I pulled out a children's adoption book the other day to read to Shiloh for the first time. She wasn't interested but I continued to lay there on the floor and read it to her anyway as she played with her toys. After I finished reading it I realized that, although it's the only adoption book I could find similiar to Shiloh's adoption, it just didn't seem right. It wasn't the message I want to give Shiloh. It was too much. Sure it was a great book. It is about a mother bear and son bear and the son is the mother's "wish come true", which is great, but I guess when I read an "adoption book" to Shiloh I want it to be HER story.
I'm having trouble putting into words what I'm feeling/want to say regarding the above topic...that paragraph is the best I could do....moving on....

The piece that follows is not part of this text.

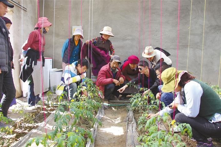 圖為(wei) 技術人員對學員進行西紅柿培管技術指導。巴桑旺姆 攝

I decided today that I am going to make Shiloh her own book about her adoption with her pictures. It's something I've thought of doing since she was born, thanks to a friend of my mom's who adopted. What has always stopped me was the words. First of all, I tend to use way too many words/give too much info when describing something or writing about something. Second, what do I write?! Of course, I want to keep it simple for when Shiloh is first able to understand adoption, but I want it to also be relevent as she gets older.
Well, today on a particular adoption website I frequent the answer was given to me! A picture book! A girl who was adopted wrote about a book her mother made for her with only pictures. Pictures of the hospital she was born in, the flight from the state she was born in to her home state, and pictures with her family. It also included little momentos such as locks of her, lost teethe, etc. It was something that was just all about her! The girl said, it had no words so it was like a different story each time her mom read it to her and as she got older she was able to "read" it herself. It sounds like it became a way for her to express herself at times regarding her adoption. Her mom left a few pages blank at the beginning for pictures of the girl's birth mom. When the girl was older (7, I believe) her mom gave her pictures of her birth mom and she put them in the book and decorated those pages herself as another way to express what she was feeling.
I have pictures Kim had given me during her pregnancy that I can use, but considering that we have an OA I think I'll put the pictures in her book myself. Shiloh can still decorate it if she chooses to do so, but I see no reason to hold back on those pictures since Kim is a part of her life.
Anyway. I just wanted to share. I am kind of excited about the idea!